At the same time, deductive reasoning using the rest of the data can be applied, given that different use cases require a different set of capabilities. Cars only need access to V2V, for instance; mobile phones need voice codecs; and IoT sensors need power saver mode enabled to protect their battery life.
“This allows you to do a fair amount of fingerprinting,” explained Shaik. “We collected the capabilities and created a reference model showing the baseband vendor, application, chipset name, 3GPP release.”
MiTM Attacks
In addition to MNmap, the bidding-down and battery-drain attacks become possible by implementing a MiTM relay to hijack the device information before security is applied, as it’s being sent to the base station.
“You can take this data and modify the capabilities,” Shaik said. “For instance, the RAN defines the speed a device receives. An iPhone is supposed to receive speeds up to 1Gbps. You can change the device category so the RAN doesn’t think it’s an iPhone and instead delivers only 2Mbps, let’s say.”
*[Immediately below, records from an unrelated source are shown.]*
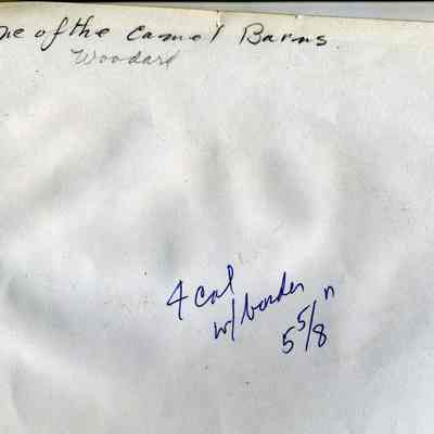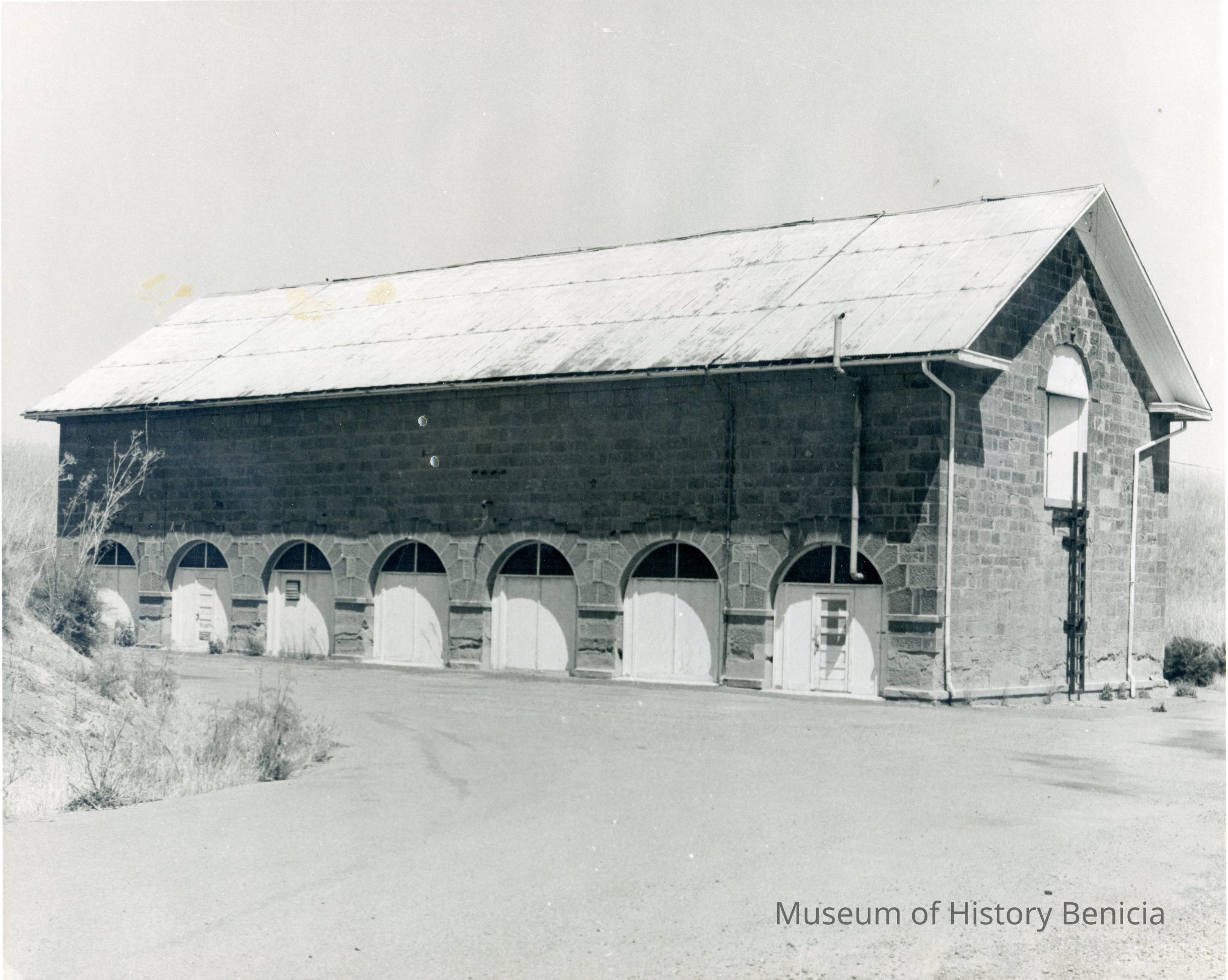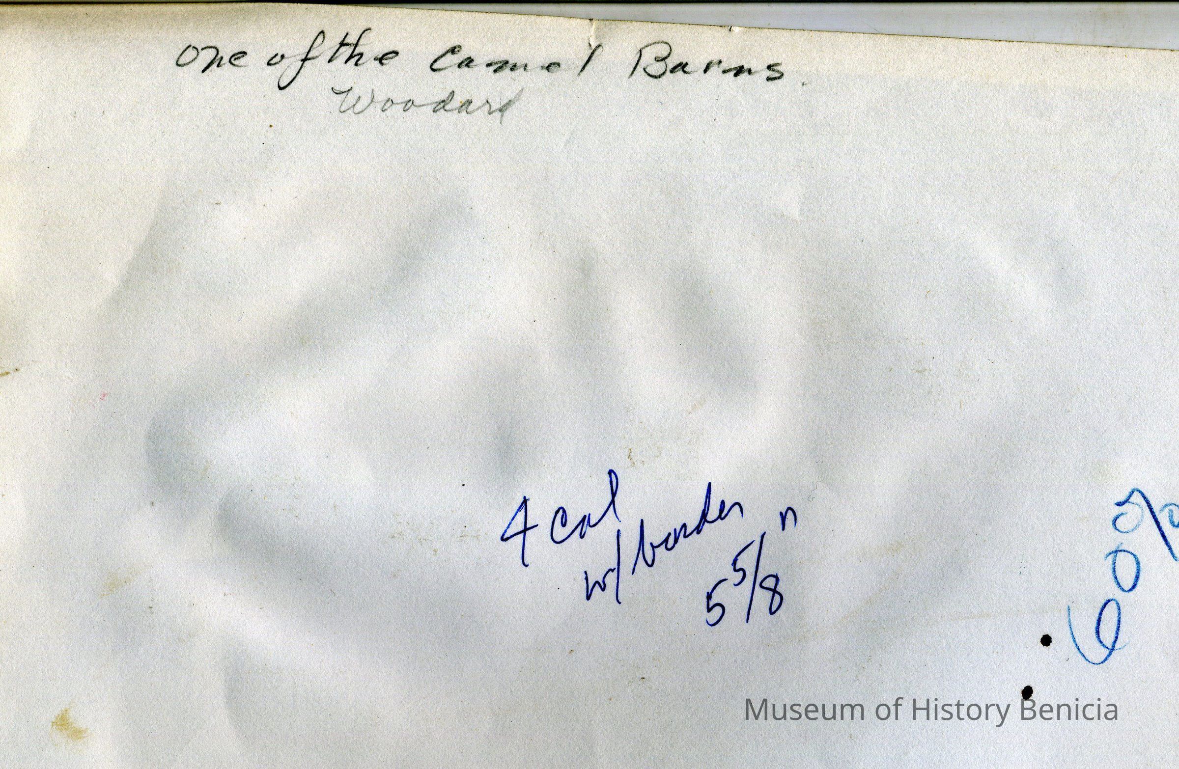 Photo of Camel Barn building #7 built in 1853 where the Industrial Exhibit is currently housed. The back of the photo has newspaper markings for how to print it in the paper and the name Woodard.Collection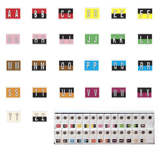 These are Kardex PSF-139 compatible letter alpha labels. Each label wraps around the end of a file folder to label that folder for alphabetical filing. These alphabetic labels feature a wrap-around solid bar and a colored letter printed on a white background. The letter will be visible on each side of the folder when applied. Each label is 1-1/2″ wide and 1-1/4″ high. Labels are laminated and sold in 26 rolls of 500.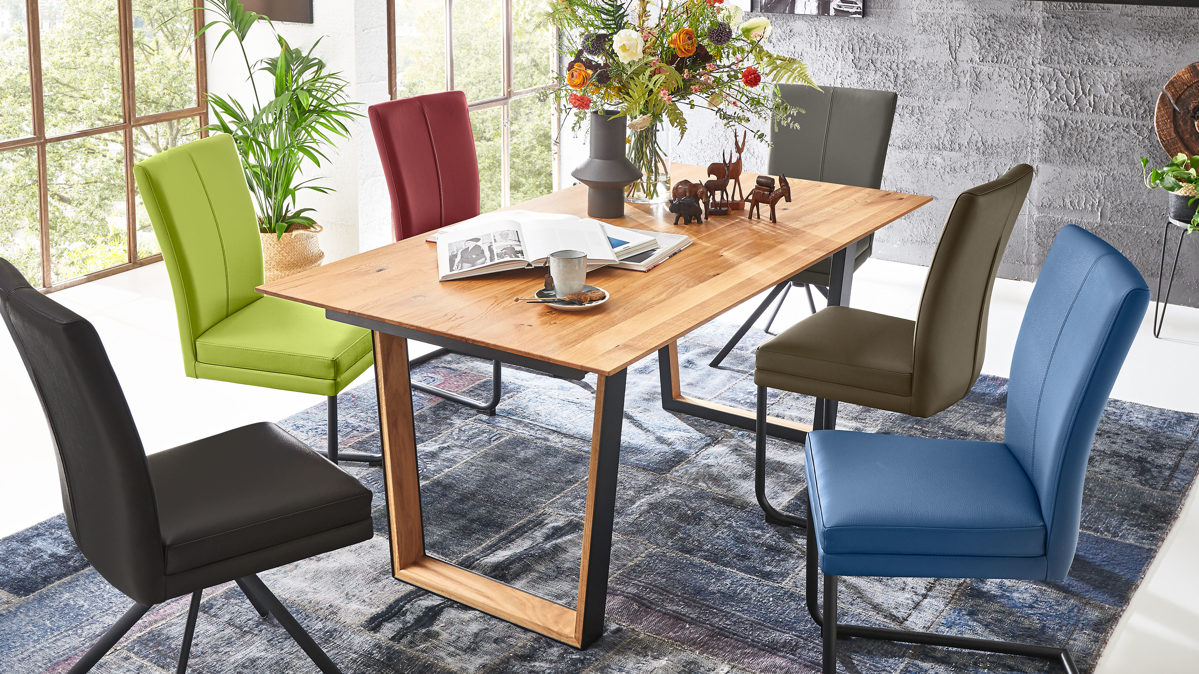 nach Wunsch kombinierbare Stühle - aus Mikrofaser- oder Lederbezügen, Metall- oder Holzgestellen und verschiedenen Sitzschalen mit und ohne Funktion wählen

In bidding down, adversaries cut off the capabilities of high-end devices. Attackers can remove carrier aggregation or MIMO enablement, which are used to boost speed; they could alter the frequency band information for a device to prevent handovers or roaming; or they could disable voice over LTE, which makes a phone revert to 3G/2G voice calling.
Worse, the core network saves the capabilities for a device until it’s restarted, giving the attack a persistence dimension.
In testing, 22 out of 32 tested LTE networks worldwide were vulnerable to these types of attacks, Shaik said, with most of the tampering persisting for an average of seven days.
The battery drain attack is targeted at NB-IoT devices, which are low-power sensors that send limited amounts of information infrequently. They boast a 10-year battery life, enabled thanks to power-saving mode (PSM) that turns them off when not in use.
As a MiTM, an attacker can modify the PSM parameters, removing it altogether. Absent PSM, the device has continuous activity, scanning to find something to connect to. In testing, the researchers found that devices reset after an average of 13 days, reducing the battery life by a factor of five.
After reporting the issues (CVD-2019-0018) to the GSMA, 3GPP and other standards bodies, as well as the vendors, a fix was implemented in Release 14 of the 5G standard, to ensure that security is applied before the device sends its fingerprinting information.
However, it will take a while for this to roll out commercially.
“As far as we can tell, no vendor is actually implementing them yet,” Shaik said. “Release 14 is quite new, so maybe next year we’ll start seeing the fixes.”
For existing 5G networks, MNmap remains possible; the device capabilities need to be protected by implementing mutual authentication before the information becomes accessible.
“This is a problem, a fundamental issue that was ported from 4G,” Shaik said. “But in 5G, there are more use cases and more capabilities that define exactly what kind of device it is, making targeting that much easier.”